I’ve always considered myself open-minded, tolerant, accepting, able to observe the world around me. Self-reflecting, more or less objective in perceiving the world around me. Trustworthy, direct, true. I’ve got a bit of an ego, I admit. I’m self-confident. An extrovert, most of the times. An exhibitionist, sometimes. I like to think of myself as a fighter for the weak, a fighter for good.
Yet I have failed to fight quite a few times in my life. One still very vivid instance took place in my first year in Munich. When I came to study in Munich in 2001, needed someone to pledge for me, guaranteeing that they would pay for my expenses. I knew a nice Romanian-German family who decided to help me with these formalities. I remember us waiting for our turn in the civil office, when suddenly the wife asked:
“Do you also have something like this at the university?”
At first I didn’t know what she meant, but then I saw her gaze. It pointed at a black man also waiting for his turn.
I was shocked. I hadn’t witnessed this kind of racism before, where a black person was reduced to some thing. I didn’t know what to say. So I said nothing, also because I was afraid to risk losing their help and having to return to Romania.
It was the last time I saw those seemingly nice people who’d been so generous to me and so blatantly racist to a stranger. I talked to them on the phone a few times after that incident, and then just stopped contacting them.
I’m writing this because I know many of us have been in a situation when they silently condemned other people’s racist remarks, but have failed to say or do something about it. I’m writing this because now is actually the best time to become vocal about it, to confront those who feel ill at ease when the topic arises. Change is possible. Change is imminent, actually, so there’s no need to postpone it.
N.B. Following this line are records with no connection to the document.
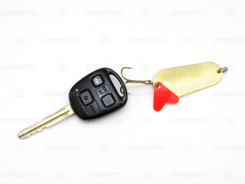 Ключ от автомобиля на рыболовном крючке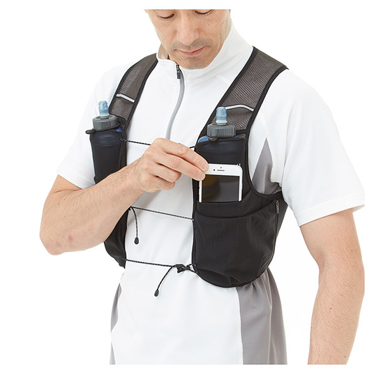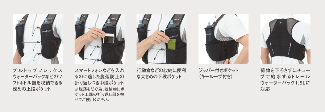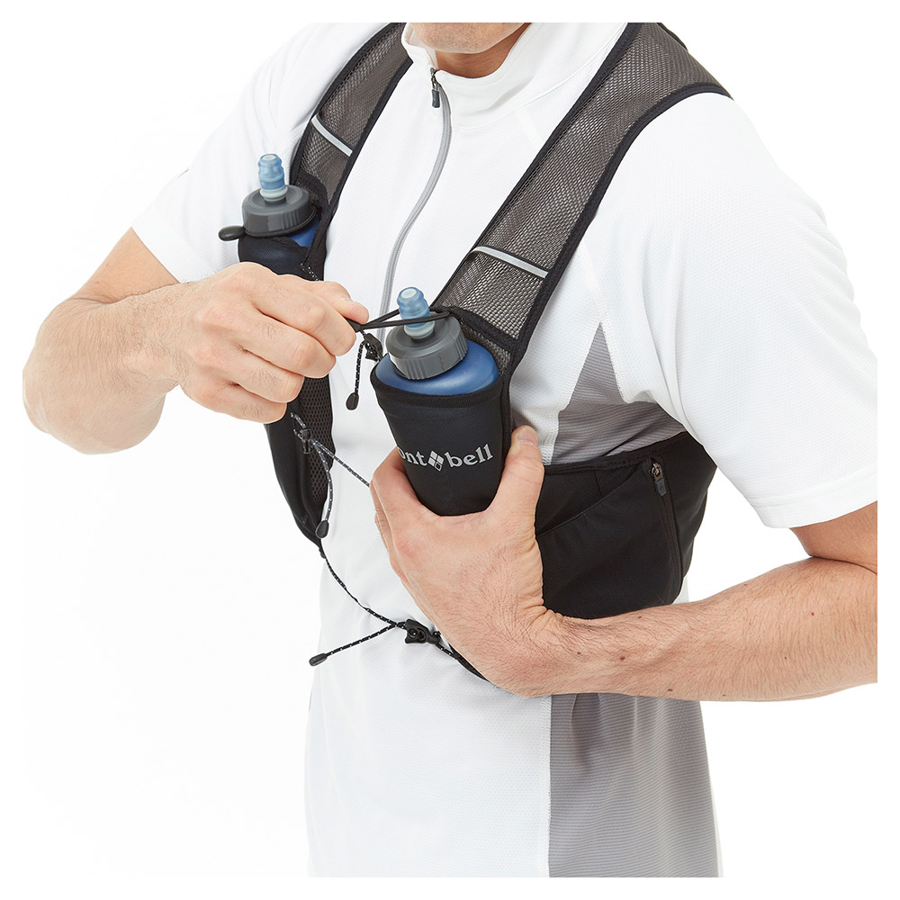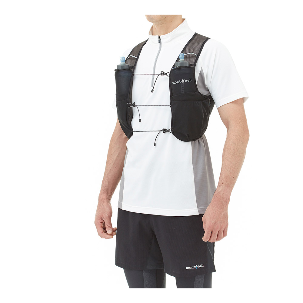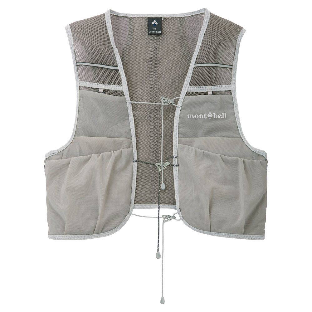 ストレッチ性に優れるメッシュ素材の軽量ベストです。ソフトボトルを装着できるポケットなど、薄手ながら収納力に優れ、別売の「トレールウォーターパック 1.5L」にも対応しています。必要最小限の装備でハイキングやトレイルランニングを楽しまれる方にオススメです。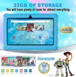 FULL-FEATURED KIDS TABLET – Equipped with latest Quad-Core Processor, 32GB Storage & 2GB RAM, Android 11 OS Operating System, beautiful 7” Touch Screen Display, and front and rear (dual) cameras. Micro SD card slot allows for an additional 128GB of expandable storage to store photos, music, movies, and videos.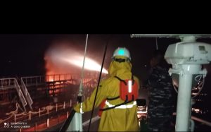 Jalesveva JayamaheJAKARTA — 27 Maret 2023 Tim Search and Rescue (SAR) TNI Angkatan Laut (TNI AL), Pangkalan Angkatan Laut (Lanal) Mataram segera melaksanakan pencarian dan pertolongan bersama tim kesehatan terhadap insiden kebakaran yang terjadi terhadap kapal pengangkut Bahan Bakar Minyak (BBM), kapal tanker MT Kristin (GT 3338) dengan muatan Pertalite 5900 KL di perairan Ampenan Mataram, Lombok, Minggu (26/03). Menurut informasi yang didapat insiden kapal terbakar tersebut terjadi saat kapal melakukan labuh jangkar. Titik api terlihat berasal dari forecastle atau mooring deck depan dan penyebab timbulnya api, saat ini masih diselidiki lebih lanjut. Dari jumlah total ABK sebanyak 17 orang, 14 orang berhasil dievakuasi dengan selamat dan saat ini berada di Depo Pertamina Ampenan, sementara 3 orang ABK yang tengah melakukan operasional jangkar sampai dengan saat ini masih dalam pencarian. Komandan Lanal (Danlanal) Kolonel Laut (P) Djawara Whimbo menjelaskan setelah mendapat informasi segera memerintahkan jajarannya untuk membantu penanggulangan kebakaran yang terjadi dan pertolongan terhadap korman. Sekitar pukul 21.10 Wita tim gabungan yang terdiri daru Lanal Mataram, Basarnas, Polair Polda NTB dan nelayan setempat berhasil memadamkan api. Rencana kapal akan di evakuasi menuju pelabuhan Lembar pada malam itu juga bila situasi memungkinkan. Lanal Mataram juga menurunkan Tim SAR untuk mencari 3 ABK yang belum diketemukan saat terjadi kebakaran dan tim kesehatan untuk memeriksa kesehatan 14 ABK lainnya yang berhasil diselamatkan. Hingga berita ini turunkan proses pencarian 3 ABK kapal tanker MT Kristin masih terus dilakukan. Langkah cepat penyelamatan yang dilakukan oleh prajurit Lanal Mataram merupakan implementasi dari perintah Kepala Staf Angkatan Laut (Kasal) Laksamana TNI Muhammad Ali yang telah menginstruksikan jajarannya agar prajurit TNI AL selalu siaga dan siap dalam merespon segala kedaruratan di masyarakat untuk melaksanakan aksi secepatnya dalam hitungan jam. (Red).

Martin Luther King Jr. is the best example for what peaceful protest paired with decisive challenge of the status quo can achieve. One man, one leader, managed to mobilize millions and brought along significant change through non-violent activism. It was his father who taught him the power of peaceful protest, although as an adolescent King resented white people for constantly humiliating him, his family and his community. Still as a Christian he knew he had to love all people, no matter how they wronged him.
Martin Luther King entered college at the age of 15 and graduated at 19. Although he didn’t agree with parts of his religion, he became a minister in order to transform the church into a place of reason, of ideas and of social protest. He assumed his role as a leader during the Montgomery bus boycott, which lasted over a year and ended segregation on all public busses in Montgomery. King became the most important spokesperson for the Civil Rights Movement and its best known leader.
Nonviolent protests continued long after the Montgomery bus boycott and many laws were changed and also new laws were passed as a result of the Civil Rights Movement. But segregation is still a thing, not just in America. It might not look that way, but any act of judgement or violence against another person solely on the account of their skin color or so-called “race” stands to prove it. That’s why we will continue to post black portraits in the following weeks, because we are all in this fight for the long run.